Congress took up the cause of greater SCADA security after a massive power blackout in the summer of 2003, passing legislation that has led to the creation of nine Critical Infrastructure Protection (CIP) rules.

These were devised under the aegis of the North American Electric Reliability Council (NERC), the trade group recently chosen by the Federal Energy Regulatory Commission to set mandatory security standards for the energy sector. NERC also is expected to be in charge of rules enforcement, which could include dishing out million-dollar fines for noncompliance.

The CIP rules cover areas such as reporting sabotage, ensuring physical security, monitoring and running antivirus controls, and doing patch updates on all critical assets, including control centers, substations and SCADA systems.

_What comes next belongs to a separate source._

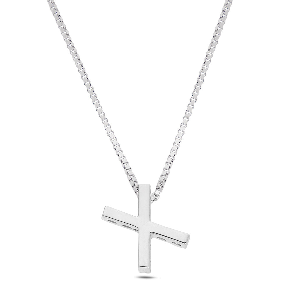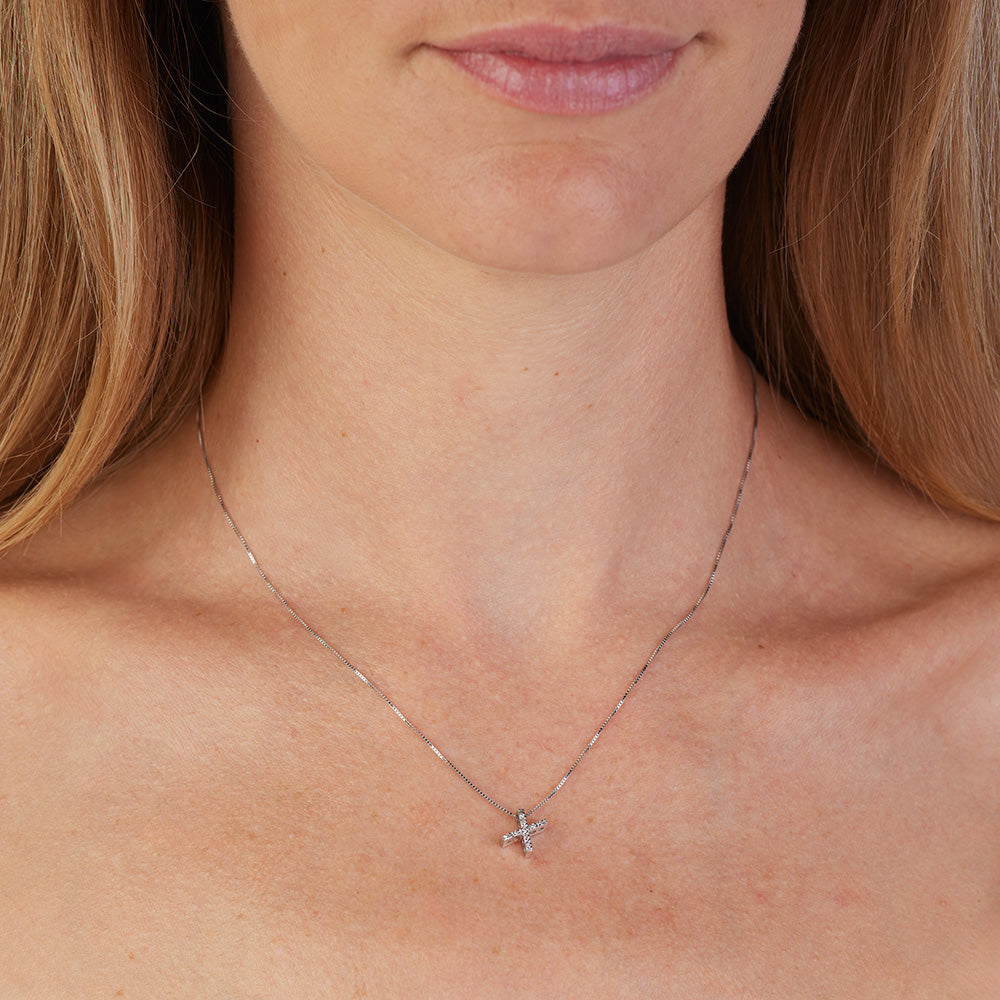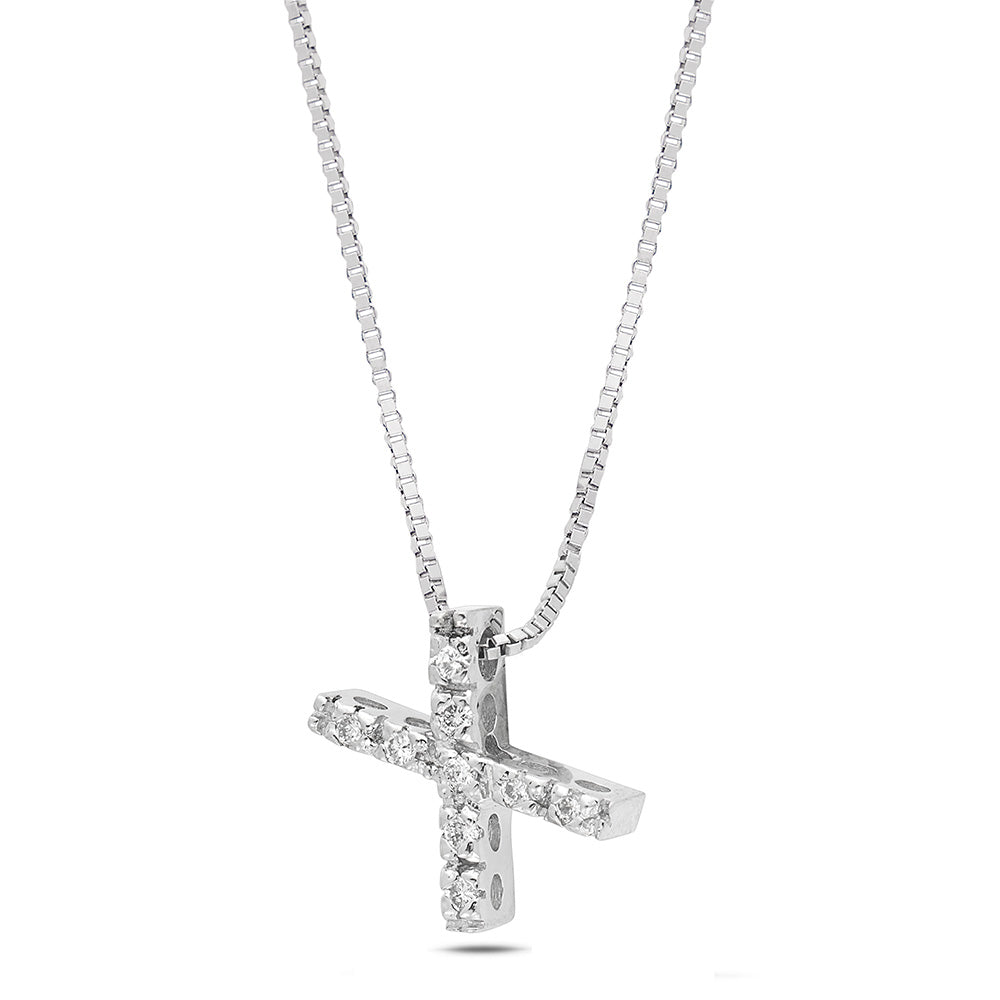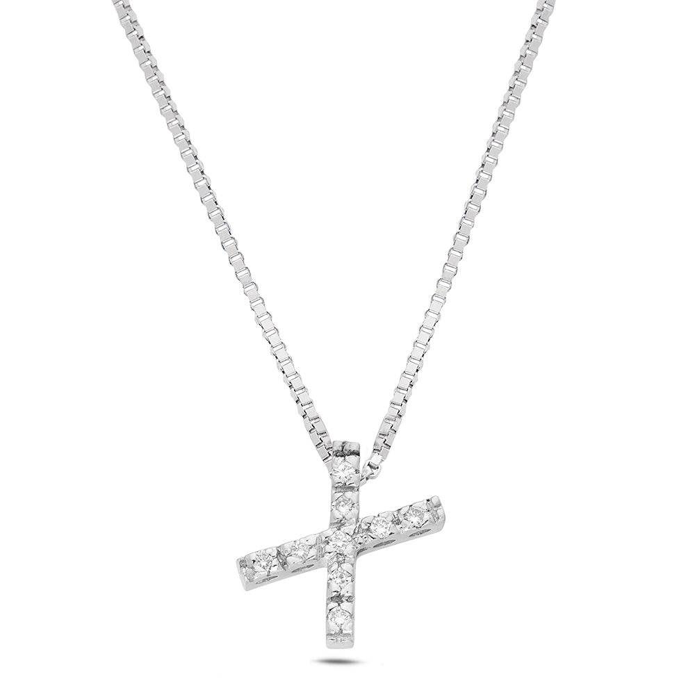 Dalla collezione "Letters", la nostra collana in oro bianco da 18 Kt. rappresenta un gioiello unico e senza tempo. Il ciondolo, a forma di lettera "X", è impreziosito da 9 diamanti, del peso complessivo di Ct. 0,06, con colore G e purezza Vs1, incastonati con la tecnica a filo-griffe, che dona eleganza e raffinatezza senza compromettere la sicurezza delle pietre.

Energy companies say they’re prodding SCADA operations groups to work with the corporate IT departments to impose firewalls, access control, encryption and antivirus controls if they weren’t there before. But technical challenges remain.

“A lot of times you won’t have virus protection in a SCADA environment," Salle said.

“Virus software, such as from McAfee and Symantec, thinks the SCADA system is a virus and that’s why you can’t run it."

The biggest risk is “SCADA not having a firewall, while also having Internet access," she added.

Energy companies acknowledge that their SCADA systems haven’t been immune to virus outbreaks.

“We’ve had viruses hit one of our plants," said Charles Simons, manager of firewall integrity management at BP Global. The company immediately firewalled off its process-control networks and put corporate IT security in control of industrial systems.

Complying with the CIP guidelines to cordon off SCADA and apply a battery of security controls is proving difficult for some.

“It’s quite a culture change for us, especially for substations and generators," said Sharon Edwards, project manager for implementing the cybersecurity guidelines at Duke Energy. So far, Duke Energy hasn’t been able to identify vendors that would help in implementing the enormous log collection and management and other requirements dictated by CIP.